Social Media Web Scraping Tool for Autohome
When I first started working in this digital marketing department, I recognized that my colleagues and agents were spending an excessive amount of time obtaining social media data. At times, they even had to make substantial payments to platforms for data purchase, even though we only required a portion of the openly available data. I summarized a few key issues:
- Manual copy-pasting of social media data was too slow and prone to errors.
- Individuals used their methods of data analysis, resulting in inconsistent and non-standardized data over time.
- The high cost of data acquisition was affecting our ability to plan marketing strategies. Believing that technology could alleviate these issues, I planned to use Python web scraping to gather and analyze data.
The methodology of the project was divided into two main stages, Data Collection and Data Processing, each with its unique complexity and process.
The Data collection process leveraged Python’s scraping capabilities to extract the relevant data from the Autohome web forum. A script was developed using Python’s requests and json modules along with functionalities from the csv and urllib libraries.
- Configured HTTP headers and parameters for the request to adhere to the structural requirements of the target webpage.
- Sent HTTP GET requests to the target URLs, incorporating the above parameters to retrieve the required data.
- Parsed the JSON response from each successful GET request to extract the desired data points.
Using this methodology, we were able to collect a variety of data including user id, thread titles, publishing dates, thread types, reply counts, and direct URLs to threads.
After successful data collection, the next step was data processing and analysis. This was accomplished using Python’s pandas library due to its ease of use and powerful data manipulation capabilities.
- Loaded the scraped data into a pandas dataframe for ease of manipulation.
- Conducted data cleaning tasks, which included converting date columns to a datetime object and replacing numeric identifiers with their respective labels.
- Created subsets of data based on target months using pandas’ boolean indexing feature.
- Applied the
groupbyfunctionality in pandas to aggregate data on a monthly basis, calculating metrics such as post count, reply count, and premium post count for each month for each vehicle model.
The final result was a monthly summary of the activity and engagement trends on Autohome’s web forum for each target vehicle model. This granted us comprehensive insights into forum users’ behavior and the popularity of various vehicle models over time. The data was finally exported into a CSV file for further use or analysis. This methodology, combining web scraping and data analysis, provided a reliable approach for gathering and interpreting online forum data.
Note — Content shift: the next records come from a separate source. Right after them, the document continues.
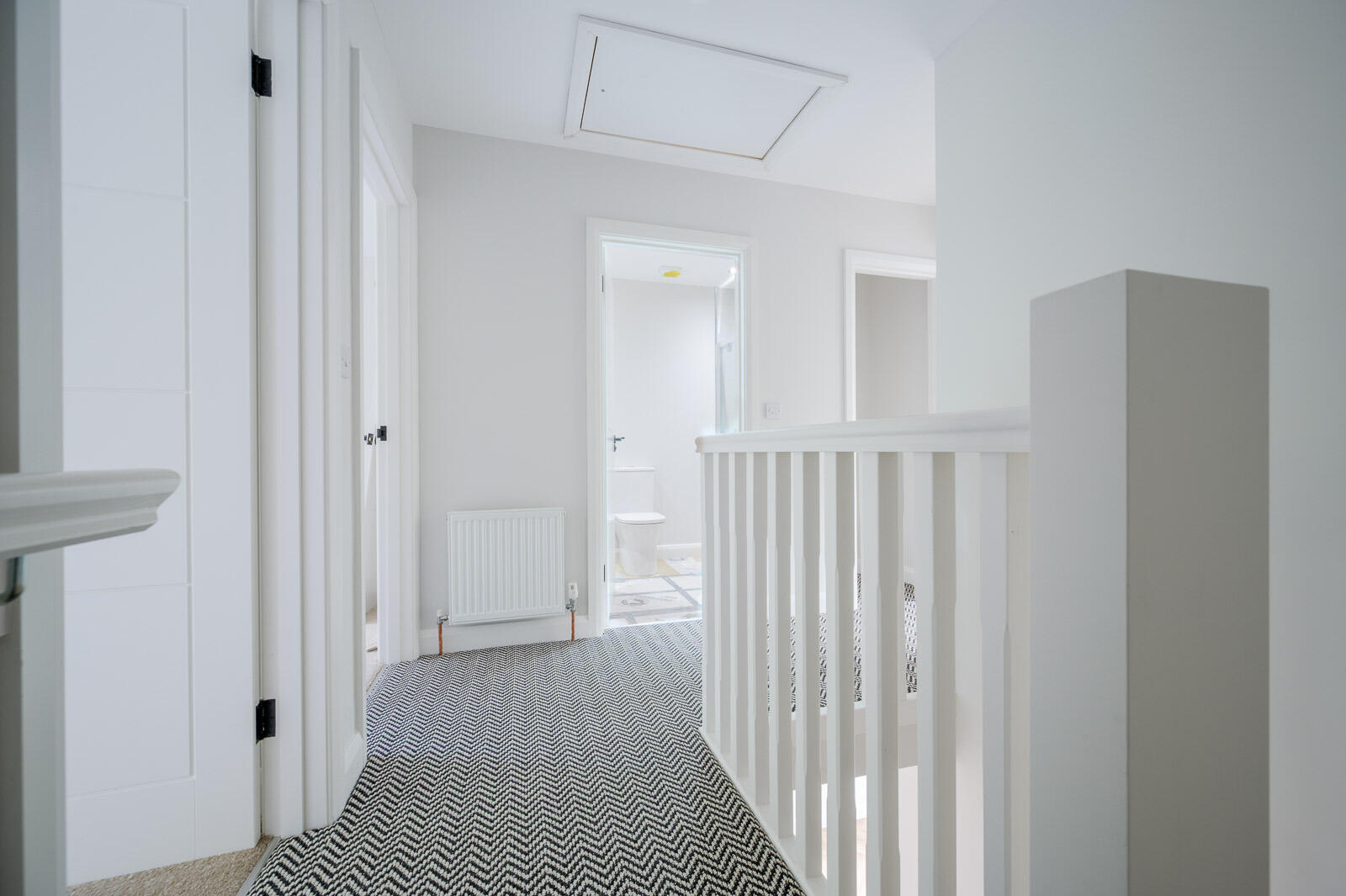 Access to roofspace, storage cupboard.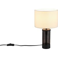 Guido Maria Kretschmer Home&Living Schreibtischlampe Stellan, Tischlampe Glas rauchfarbig Stoffschirm beige Schnurschalter, Ein-/Ausschalter, Leuchtmittel wechselbar, warmweiß - kaltweiß, Design Tischleuchte Nachttischlampe m. Schnurschalter Höhe 34cm Ø 20cm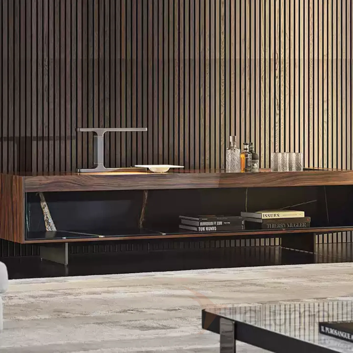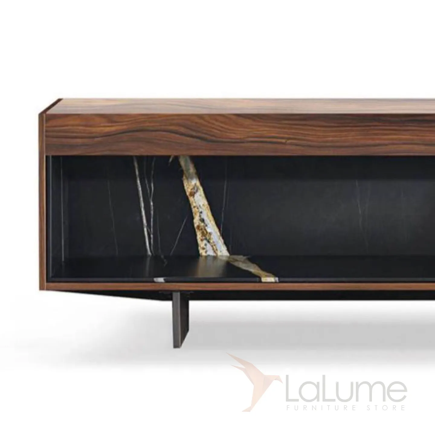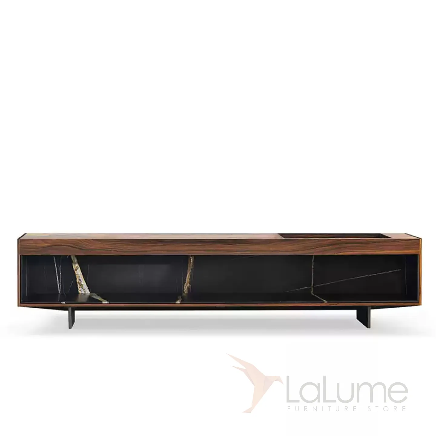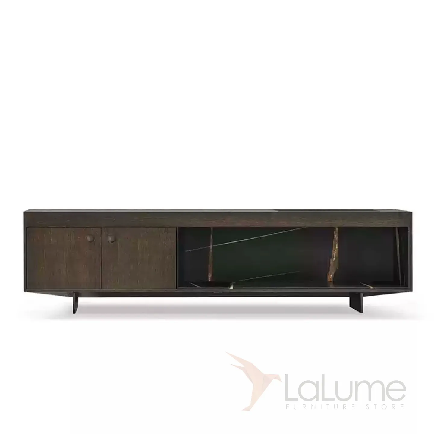 Современная ТВ-тумба из массива чёрного ореха в двух вариациях: с открытыми полками или закрытой дверками. Металлические ножки из нержавеющей стали добавляют лёгкости конструкции.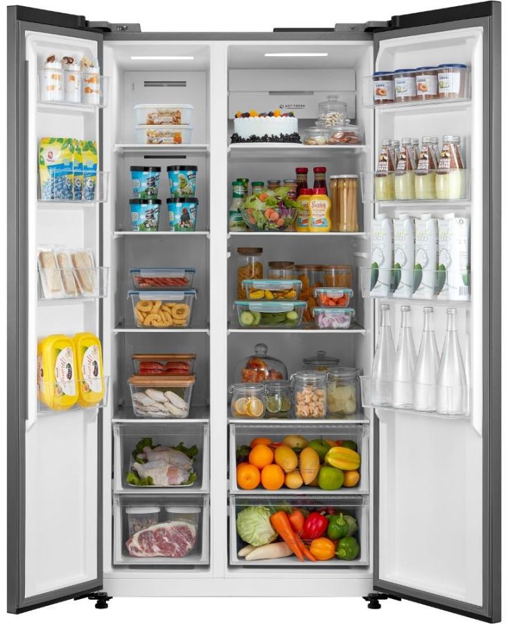Americká chladnička Philco PXSBSI 592 AX s XXL objemem chlazení 379 l a mrazení 213 l v energetické třídě A s velmi tichým provozem – jen 35 dB.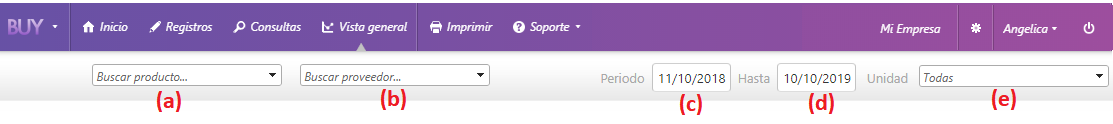 Al lado de los campos del periodo puede filtrar por Unidad.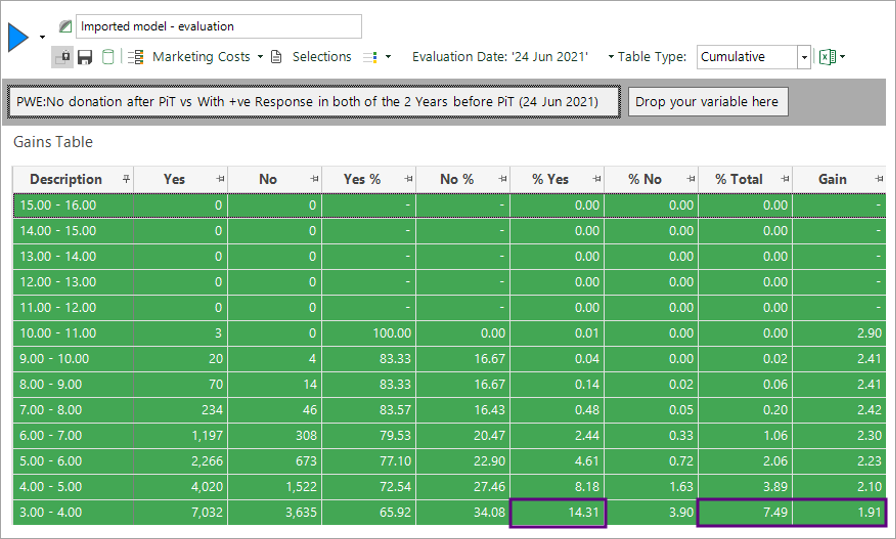 When this model was evaluated, it gave a 2-fold gain, based on targeting the top 7.5% from the model.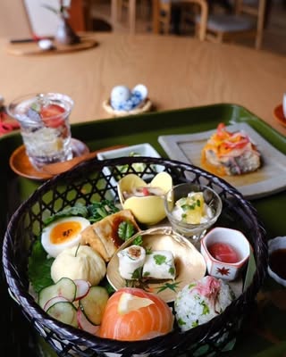 籠盛りには、てまり寿司が付いている他、旬の野菜を使った副菜がたっぷりと盛り付けられていますよ~!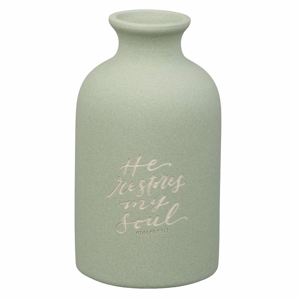 jarrón de mesa de cerámica verde «Él restaura mi alma» . El diseño sencillo y el mensaje inspirador de este delicado jarrón crearán un ambiente de paz y alegría dondequiera que lo coloques.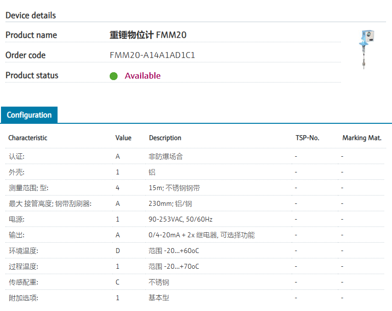 FMM20-A14A1AD1C1 订货号 FMM20-1150/0 扩展订货号 (FMM20-A14A1AD1C1) 名称 重锤物位计 FMM20 基本描述 Level transmitter, continuous.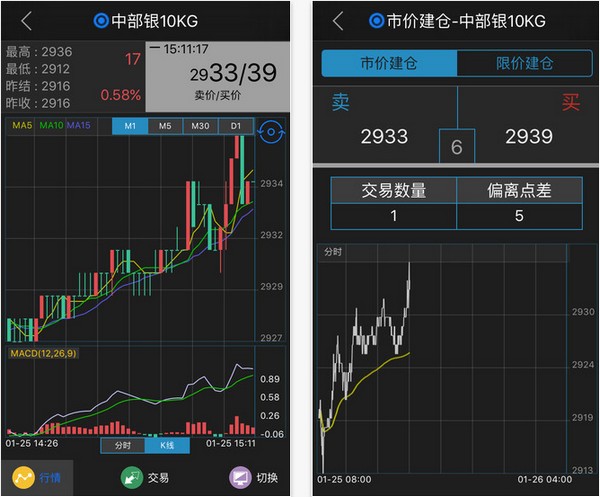用户首次使用中部大宗商品交易中心app时,可以通过填写有效的电子邮件地址注册开通模拟帐号,成功登录系统后,用户即可查看到行情报价、账户的资金信息、持仓单、限价单、平仓单,委托交易功能提供了市价建仓、市价平仓、限价建仓、修改止盈/止损、撤销限价单等丰富多样的交易模式,让用户通过模拟交易随时了解交易商品的最新价格信息,还能通过实际操作提升自身的投资技能。

This is beneficial in various fields, including market research, customer sentiment analysis, brand monitoring, and more.
The result of this project was a successful extraction, processing, and analysis of valuable data from Autohome’s web forum. The data gathered provided critical insights relating to user engagement, popularity of different car models, and overall forum activity over several months.
The culmination of the project work actively translates to a visually comprehensive report that brings data to life, making it more consumable and interpretable.
Pictured above, the report exhibits various data diagrams illustrating the robustness and versatility of the information extracted. The depicted graphs and charts allow for an easy understanding of trends, patterns, and standout features. These graphical representations thus offer an efficient way to grasp the complexities of user behavior and car model popularity on Autohome’s web forum.
Summary of Key Findings:
- Engagement Analysis: The total post count and reply count proved beneficial to gauge the level of engagement on the web forum for specific car models. High-post count and reply count signified increased interest and discussions around a particular car model.
- Popularity Index: Premium or ‘featured’ post count, a distinctive feature in the forum, acted as an indicator to measure a model’s popularity. An increase in the number of such posts over time suggested a growing popularity and approval of that model among forum users.
- Trend Analysis: Comparing these metrics on a month-on-month basis brought forth the emerging popularity trends of various car models. This could highlight surges in popularity, possibly due to new releases, model upgrades, or successful marketing campaigns.
- Detailed Insights: Finally, the linking of individual forum threads helped in conducting a more in-depth analysis when required. For topics of heightened interest, the actual thread could be visited for qualitative analysis or sentiment analysis which could provide answers beyond the quantitative metrics.
The data obtained through the Autohome web scraping project was invaluable in generating actionable insights. This approach to data collection and analysis proved effective and could aid in a wide variety of fields beyond automotive research, including business intelligence, brand monitoring, and market research. Similar tactics were used in subsequent projects, such as the TikTok scraping project, with analogous efficiency and success.